Requirement →
Transcribe nothing but the lines from the one with "La Mission spatiale" to the end of the entries, both included, keeping each exact and leaving every picture out.

(Records contained in a dataset)
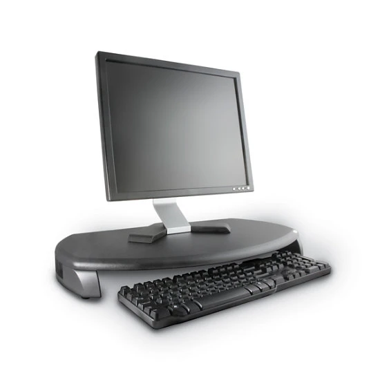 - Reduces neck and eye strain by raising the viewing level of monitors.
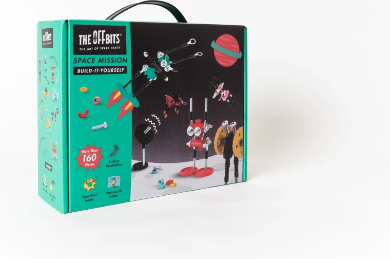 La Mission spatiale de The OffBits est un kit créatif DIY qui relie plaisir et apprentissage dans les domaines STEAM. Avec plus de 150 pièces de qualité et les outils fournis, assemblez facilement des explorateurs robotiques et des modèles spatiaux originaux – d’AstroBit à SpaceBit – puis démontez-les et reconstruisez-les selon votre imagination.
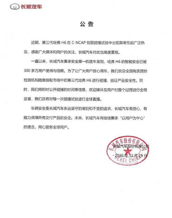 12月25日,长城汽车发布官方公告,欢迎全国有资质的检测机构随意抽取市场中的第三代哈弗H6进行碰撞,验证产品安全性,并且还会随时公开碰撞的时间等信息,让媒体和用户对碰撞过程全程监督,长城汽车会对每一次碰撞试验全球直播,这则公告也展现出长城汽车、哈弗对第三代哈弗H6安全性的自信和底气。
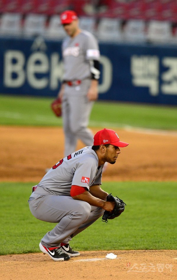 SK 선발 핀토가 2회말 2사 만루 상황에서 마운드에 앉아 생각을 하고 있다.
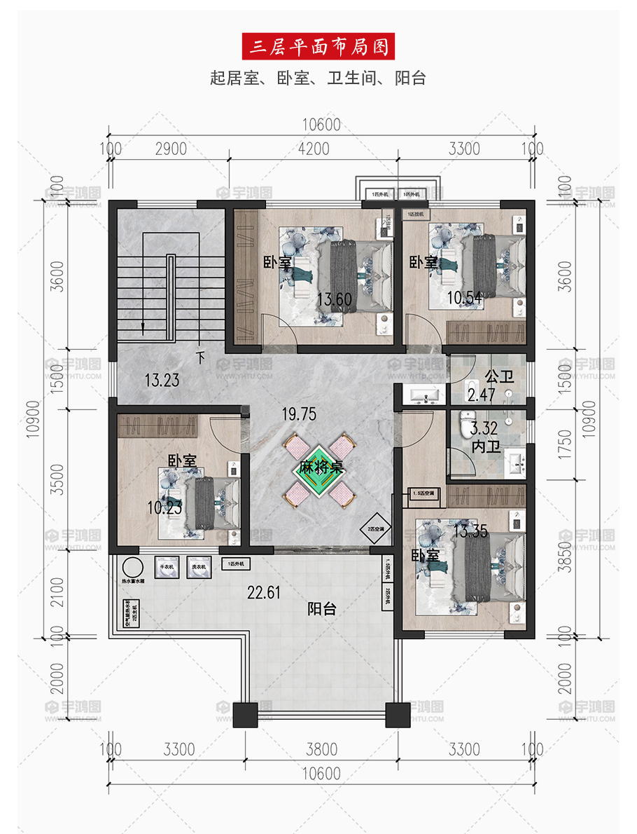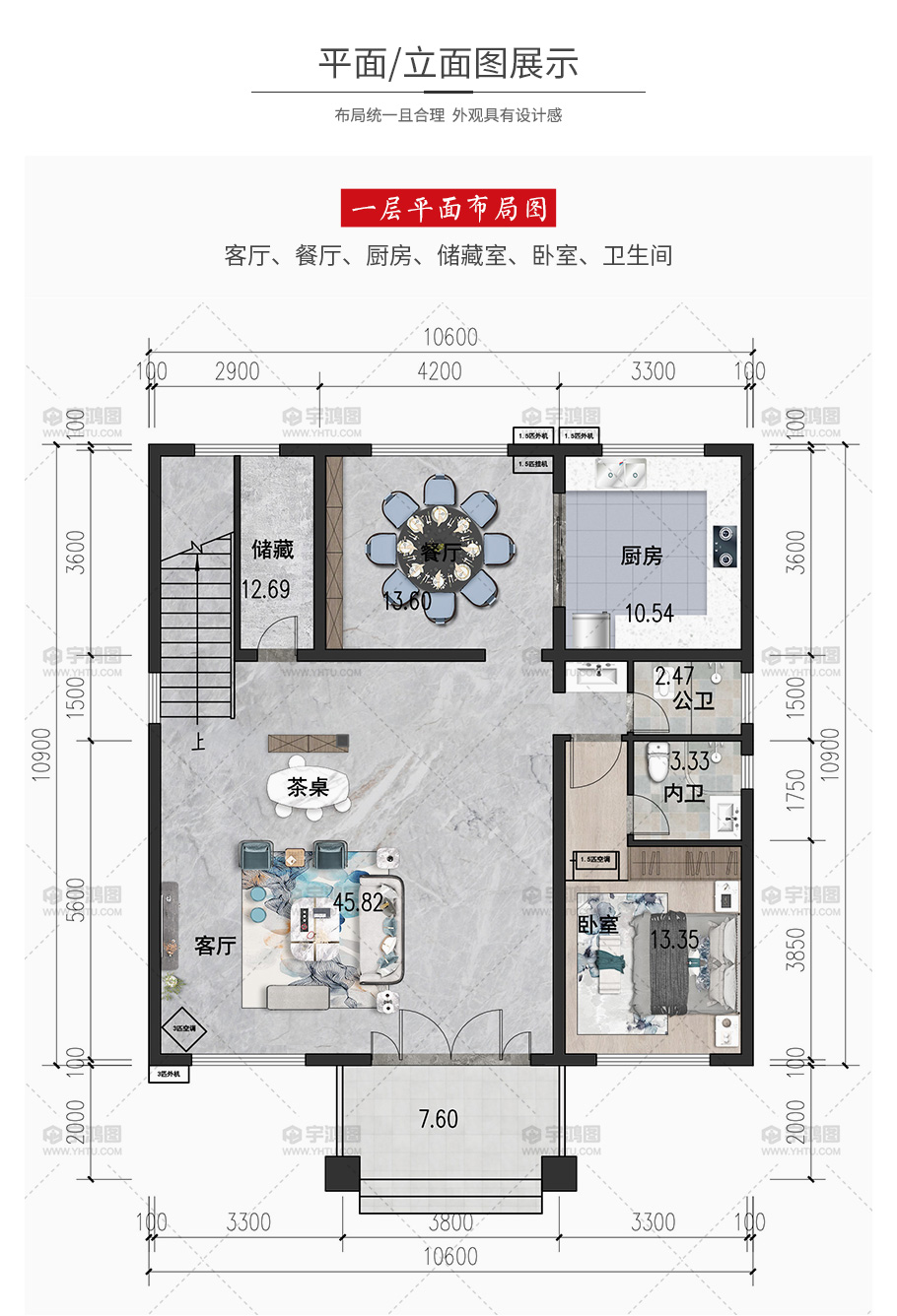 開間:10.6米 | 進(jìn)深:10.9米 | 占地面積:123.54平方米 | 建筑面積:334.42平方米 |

Exercise answer →
 La Mission spatiale de The OffBits est un kit créatif DIY qui relie plaisir et apprentissage dans les domaines STEAM. Avec plus de 150 pièces de qualité et les outils fournis, assemblez facilement des explorateurs robotiques et des modèles spatiaux originaux – d’AstroBit à SpaceBit – puis démontez-les et reconstruisez-les selon votre imagination.
 12月25日,长城汽车发布官方公告,欢迎全国有资质的检测机构随意抽取市场中的第三代哈弗H6进行碰撞,验证产品安全性,并且还会随时公开碰撞的时间等信息,让媒体和用户对碰撞过程全程监督,长城汽车会对每一次碰撞试验全球直播,这则公告也展现出长城汽车、哈弗对第三代哈弗H6安全性的自信和底气。
 SK 선발 핀토가 2회말 2사 만루 상황에서 마운드에 앉아 생각을 하고 있다.
 開間:10.6米 | 進(jìn)深:10.9米 | 占地面積:123.54平方米 | 建筑面積:334.42平方米 |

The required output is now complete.